* Aim of the task *
Please repeat, exactly as written, every line from the one containing "LAMPA PRZÓD GACIRON" through the last line of the records, both included, and leave out any pictures.

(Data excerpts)
▼▼▼
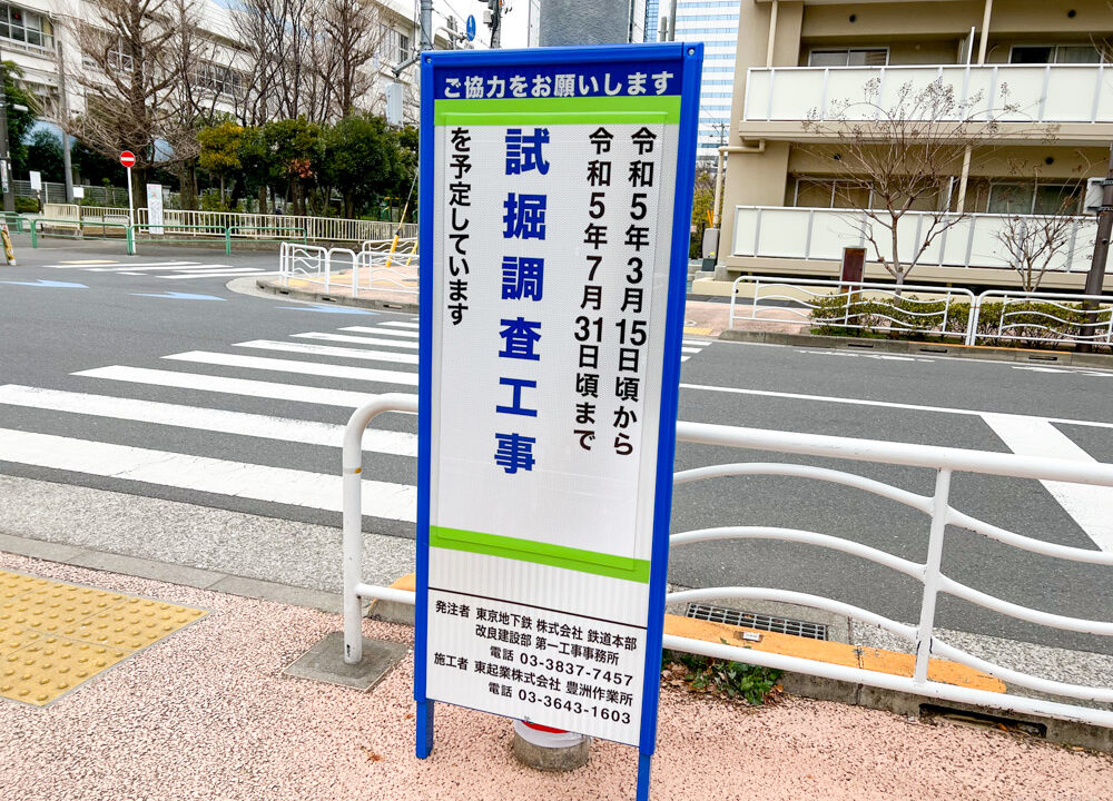 該当箇所へ行ってみると「試掘調査工事」をアナウンスする看板が取り付けられていました!
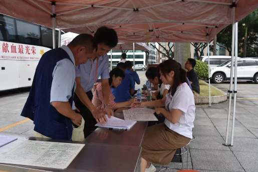 上午9点左右,东莞市中心血站的爱心献血车就已停靠在厚街政府大院广场内,不少公职人员在东莞市中心血站工作人员的指引下,填写《捐血登记表》、进行体格检查、血液初筛,有序排队,耐心等待献血。
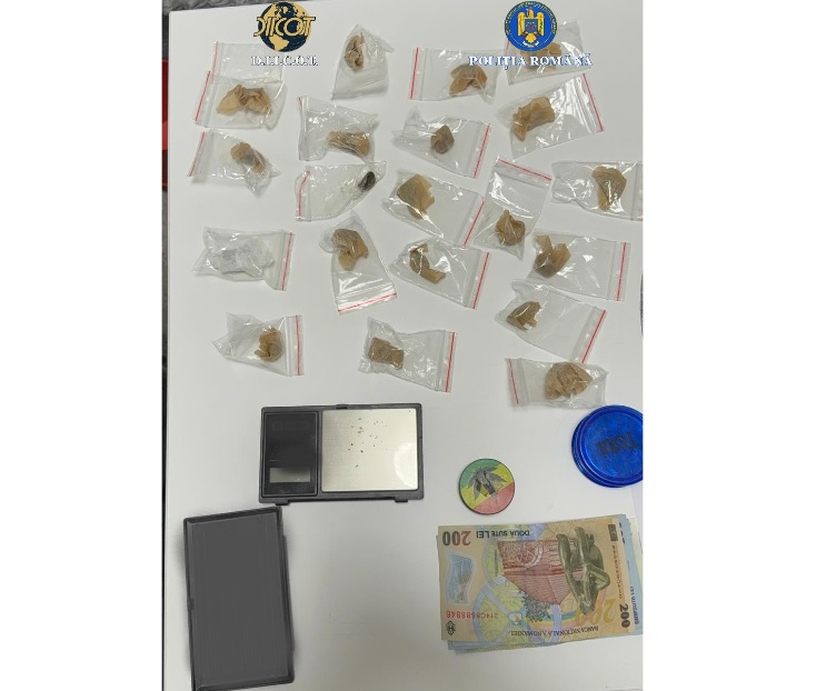 În urma perchezițiilor efectuate, au fost găsite și ridicate cantitățile de aproximativ 100 grame 3-CMC, cunoscut sub denumirea generică de cristal (drog de mare risc), 80 grame canabis (drog de risc), 34 grame rezină de canabis (drog de risc), plicuri autosigilante, precum și alte mijloace de probă.
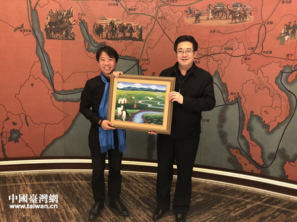 自治區臺辦主任楊利民(右)向何溢誠先生(左)贈送宣傳品。(圖片來源:內蒙古臺辦)
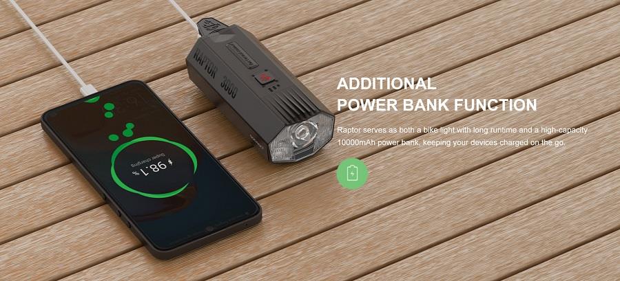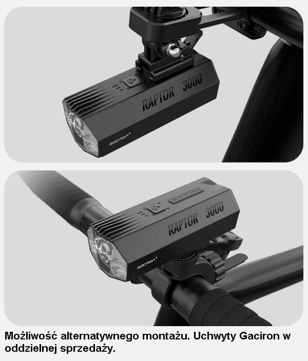 LAMPA PRZÓD GACIRON RAPTOR 3000 LUM USB 10000 MAH
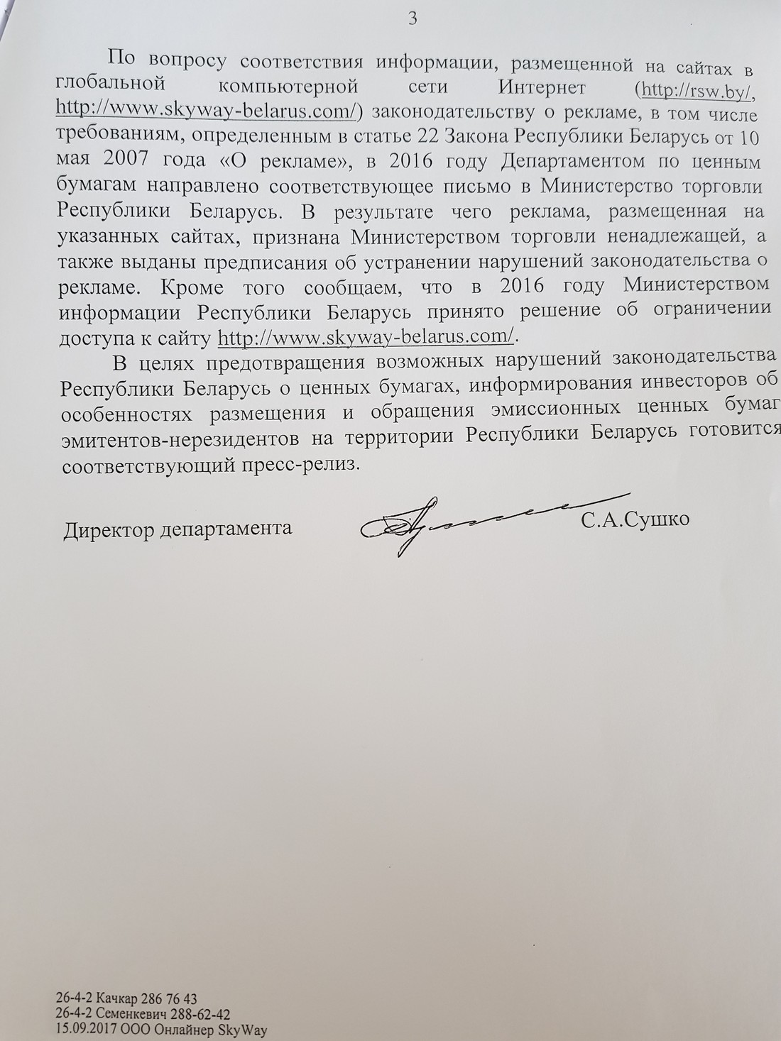 «По вопросу соответствия информации, размещенной на сайтах в глобальной компьютерной сети Интернет (http://rsw.by/, http://www.skyway-belarus.com/) законодательству о рекламе, в том числе требованиям, определенным в статье 22 Закона Республики Беларусь от 10 мая 2007 года „О рекламе“, в 2016 году Департаментом по ценным бумагам направлено соответствующее письмо в Министерство торговли Республики Беларусь. В результате чего реклама, размещенная на указанных сайтах, признана Министерством торговли ненадлежащей, а также выданы предписания об устранении нарушений законодательства о рекламе. Кроме того, сообщаем, что в 2016 году Министерством информации Республики Беларусь принято решение об ограничении доступа к сайту http://www.skyway-belarus.com/», — рассказали в ведомстве.
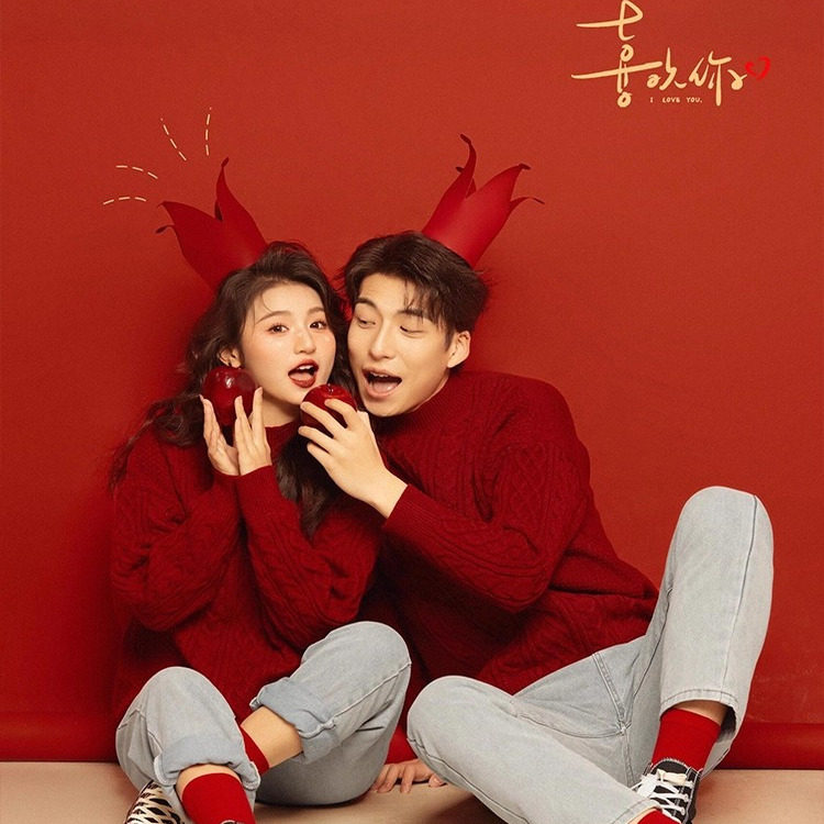 高端情侣装酒红色毛衣男士冬季2026年新款马年本命年针织衫男女款
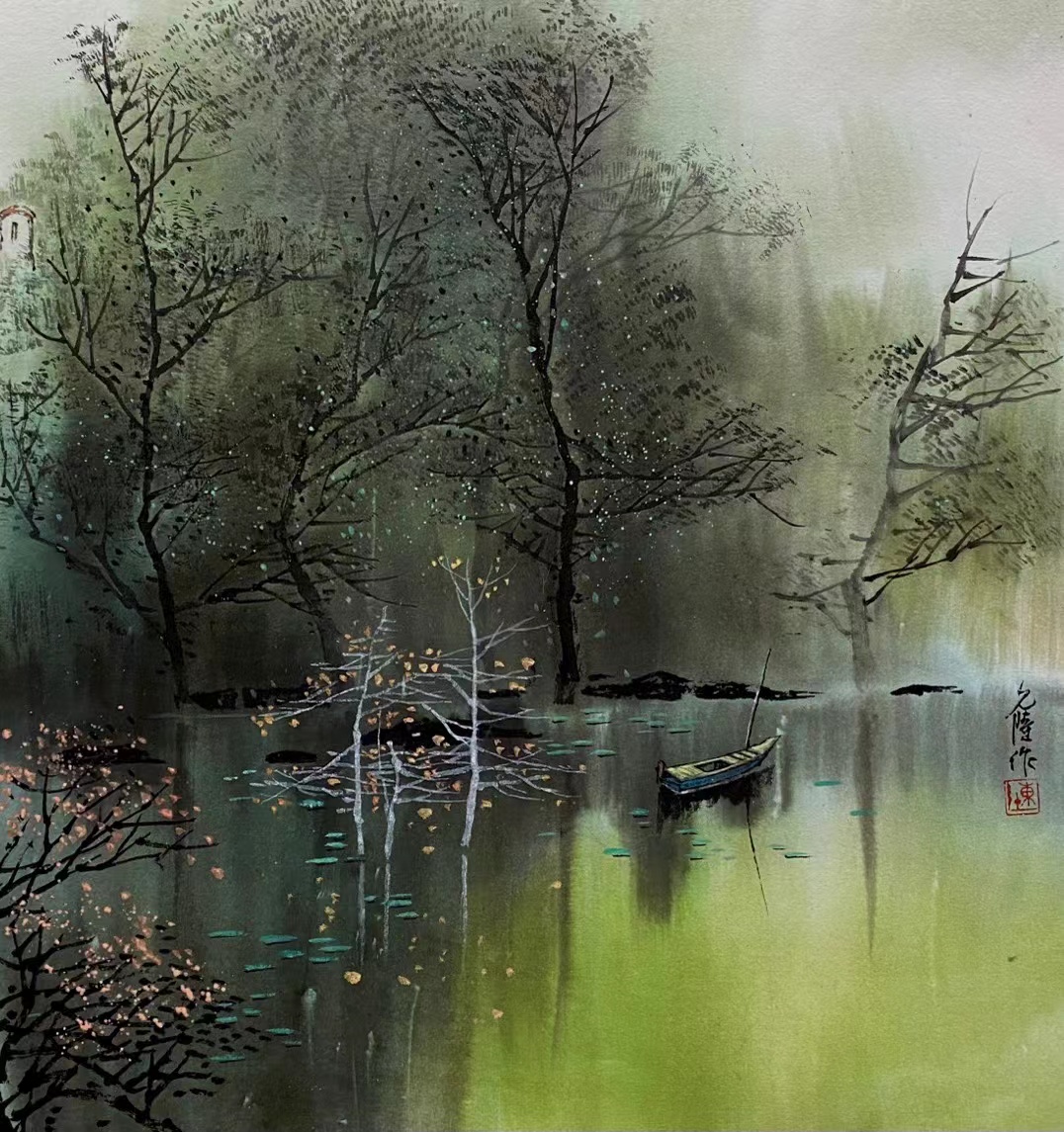 韦丹意诗配画 (南亭泊舟)
▲▲▲
* Response below *
 LAMPA PRZÓD GACIRON RAPTOR 3000 LUM USB 10000 MAH
 «По вопросу соответствия информации, размещенной на сайтах в глобальной компьютерной сети Интернет (http://rsw.by/, http://www.skyway-belarus.com/) законодательству о рекламе, в том числе требованиям, определенным в статье 22 Закона Республики Беларусь от 10 мая 2007 года „О рекламе“, в 2016 году Департаментом по ценным бумагам направлено соответствующее письмо в Министерство торговли Республики Беларусь. В результате чего реклама, размещенная на указанных сайтах, признана Министерством торговли ненадлежащей, а также выданы предписания об устранении нарушений законодательства о рекламе. Кроме того, сообщаем, что в 2016 году Министерством информации Республики Беларусь принято решение об ограничении доступа к сайту http://www.skyway-belarus.com/», — рассказали в ведомстве.
 高端情侣装酒红色毛衣男士冬季2026年新款马年本命年针织衫男女款
 韦丹意诗配画 (南亭泊舟)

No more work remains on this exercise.